I have been using the bioinformatics services provided by Novogene. We use the most cost efficient option which still uses QIIME and the Silva 138.1 database.
I have made my own classifier using the Greengenes 2022.10 backbone files and extracting the V3V4 region. This seems to identify sequences well using the tutorial datasets.
I reclassified the OTUs provided by Novogene with this classifier and I was expecting some differences but most of the OTUs have different identifications, and many are not simply different phylogenetic levels of identification that agree.
This is not surprising, and has much to do with how the reference databases are curated. There are many approaches and issues to deal with as described here:
It may come down to which of these classifications make sense given your study system. This is why we provide multiple avenues to classify sequences. You can also try the SILVA weighted classifiers.
In most cases, you are lucky to obtain a true species-level designation with short read data. See here:
I was mostly surprised how many were identified to different phylums and classes. I assumed these high level classifications would be pretty similar between databases.
I understand that the species classifications are not 100% accurate but my boss really prioritizes them so I want to maximize the species identifications.
I am assuming that the feature.tax_assignments.txt file is the one from SILVA? If so, when / how was the SILVA reference file made? Or are these taxonomic assignments from Novogene? I ask because when we generate SILVA reference files, we use "doimain" / "d__" and not "kingdom" / "k__".

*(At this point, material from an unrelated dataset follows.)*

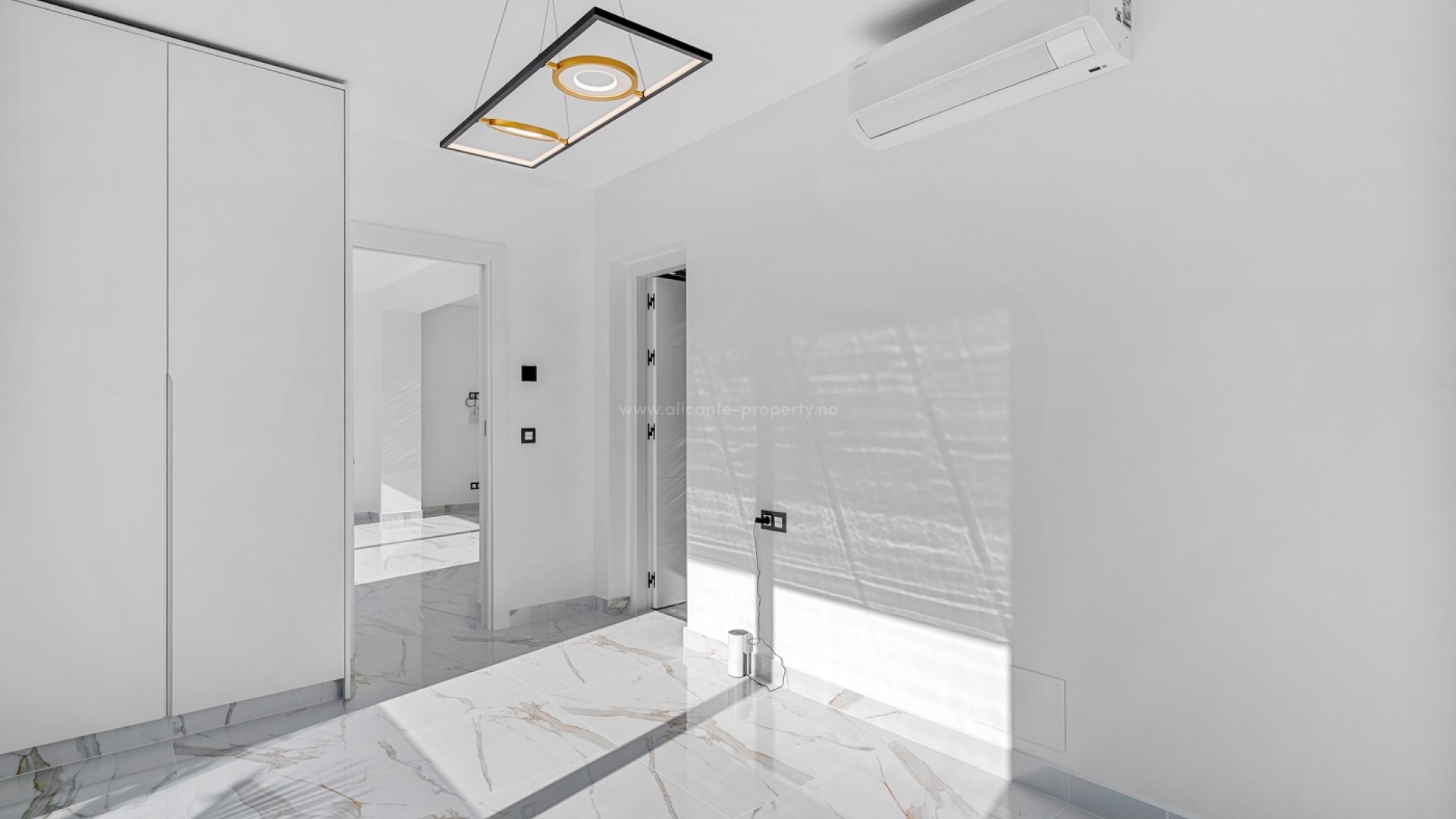Descubre la esencia del lujo mediterráneo en este espectacular chalet independiente totalmente reformado, ubicado en una de las calles más cotizadas de Ciudad Quesada, a un paso del centro y en una exclusiva parcela en esquina que garantiza privacidad, amplitud y un estilo de vida único. Esta propiedad combina diseño contemporáneo, eficiencia y confort absoluto: Vivienda 4 dormitorios amplios, todos con armarios hechos a medida y acabados premium.4 baños de diseño, 3 de ellos en suite, equipados con materiales de alta gama y una estética moderna impecable.Un gran salón-comedor diáfano que conecta con la cocina abierta de lujo, equipada con electrodomésticos BOSCH de última generación.Aire acondicionado individual por zonas, controlable desde el móvil mediante aplicación.Suelo radiante en toda la casa, ideal para el confort durante todo el año.Domótica integrada y persianas eléctricas para una experiencia de vida inteligente.Acabados exclusivos: azulejos, materiales y carpinterías de diseño, fusionando elegancia y funcionalidad. Exterior Impresionante piscina privada 5×10, con jacuzzi incorporado, perfecta para relajarse y disfrutar del clima excepcional de la Costa Blanca.Gran zona de lavandería independiente, totalmente equipada con lavadora y secadora.Un entorno exterior pensado para el ocio, la privacidad y la vida al aire libre. Este chalet representa una oportunidad única para quienes buscan una vivienda de alto nivel en uno de los enclaves más demandados de Quesada, combinando tecnología, estilo y comodidad en un entorno privilegiado.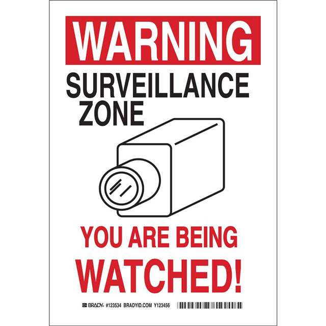 This is manufactured by Brady Corporation. The manufacturer part number is 123537. Label with a size of 14.00" l x 10.00" w (355.6mm x 254.0mm). The product is rohs3 compliant. It is assigned with possible HTSUS value of 3926.90.9989. It has a classic black and red legend, white background colour. The product brady®, is a highly preferred choice for users. The product is made from highly stable and reliable polyester. In addition, it is reach unaffected. Its typical moisture sensitivity level is not applicable. In addition, bulk is the available packaging type of the product. A bespoke label is a warning. surveillance zone you are being watched! label. The product is suitable for use with warning. It has a long 4 weeks standard lead time. The brady corporation's product offers user-desired applications. The product is designated with the ear99 code number.

Also, SILVA is also in the process of updating its taxonomy to be more similar to Greengenes 2 in some cases, e.g. as of SILVA 138.2, they've updated some phylum and genus labels. Perhaps try making your own SILVA reference database as outlined here, and re-classify? Keep in mind, many facilities might curate their own SILVA (or other) database differently and they may not even be equivalent to each other, leading to different assignments. You do not need to follow all the steps, in the tutorial. Much of it is just showing off all the things you can do.
I am assuming that the feature.tax_assignments.txt file is the one from SILVA? If so, when / how was the SILVA reference file made? Or are these taxonomic assignments from Novogene?
Yes, those are the assignments from Novogene. It uses the qiime and the 138.10 Silva database.
In addition to the caveats I presented earlier... Another thing I forgot to mention, the resulting classification also depends on what algorithm they used along with the reference database to classify your reads. Did they use BLAST, vsearch, naïve bayes, another algorithm? Using different algorithms on the same/similarly curated reference databases can also result in some differences.